楽園の炎
「そ、それはそうかもしれんがなぁ。いや、俺だって、ちゃんとお姫さんを迎えた後だったら、全然良いんだよ。どんどん頼って、いくらでも甘えてくれりゃいいぜ。けどなぁ・・・・・・」

視線を彷徨わせて、憂杏はごにょごにょと言う。
このまま夜を迎えて、果たして自制を保てるか。
せめて部屋を区切れば大丈夫だが、ナスル姫が恐がりそうだ。

「ふふ、確かにな。ナスルは朱夏とは違って、その辺りのこともわかってはいるだろうが。恐怖が先に立ってるのかな。それとも、憂杏ならそうなってもいいと思ってるのか。
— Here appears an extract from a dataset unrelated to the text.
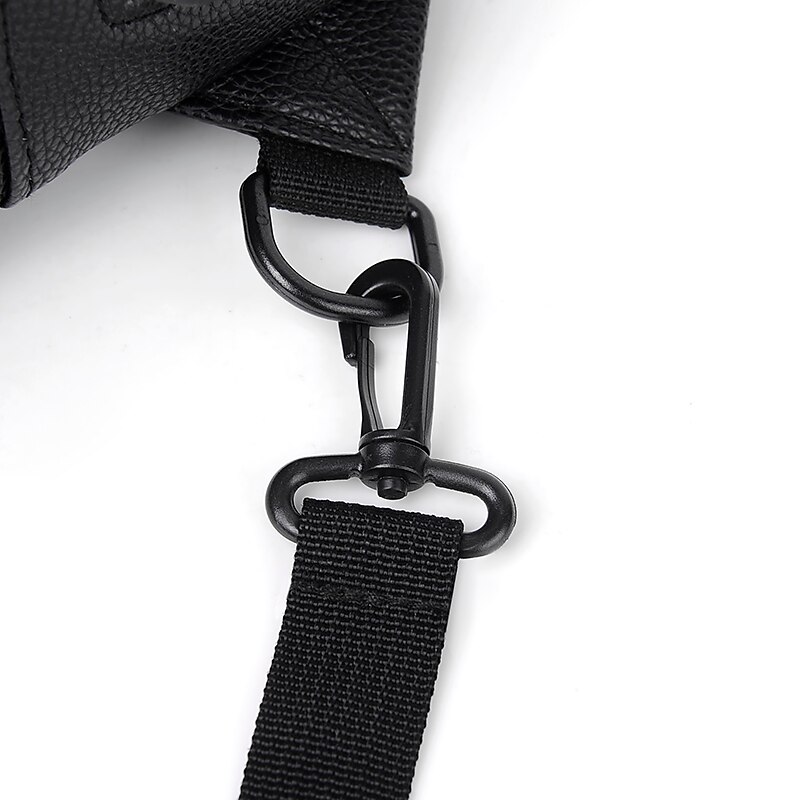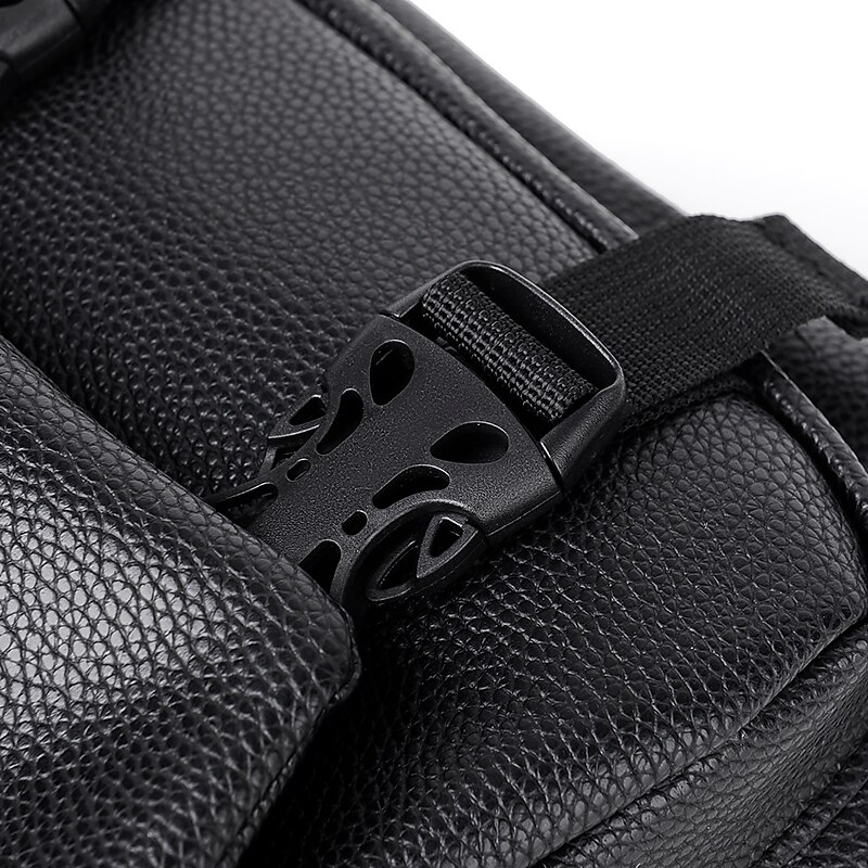 Men's Black Faux Leather Backpack with Buckle Straps and Zipper Pockets – Stylish Anti-Theft Travel and Commuter Bag for Work or Daily Use 11

どちらにしろ、遅かれ早かれナスルは憂杏の元に嫁ぐ気満々だからな~」

にやにやと、夕星は人事のように言う。
事実、人事なのだが。

「そ、そうは言ってもだな。俺だって、ちゃんともう、お姫さんを嫁にするって、思ってるよ。けど、万が一のことを考えたら・・・・・・いや、そうでなくても、ククルカン皇帝の娘を、まだこの状態で手込めにはできんだろう」

くはは、と夕星が、妙な笑い声を上げた。
吹き出したいところだが、表の朱夏とナスル姫の注意を引くと厄介だ。

「まぁそうだねぇ。まずないだろうが、うっかりナスルがお前との生活は無理だと思った後で、妊娠なんかがわかった日にゃあ・・・・・・」

「ククルカン皇帝のお怒りよりも、お姫さんを無用に傷つけることになるほうが、俺にとっちゃ恐ろしいぜ」

頭を抱えたまま、憂杏が唸る。

「そう思うなら、ナスルのためを思って、我慢することだな」

ぽん、と肩を叩き、夕星はにやりと笑う。
憂杏は、しばらくそのまま頭を抱えていたが、やがて顔を上げると、ふぅ、と大きく息をついた。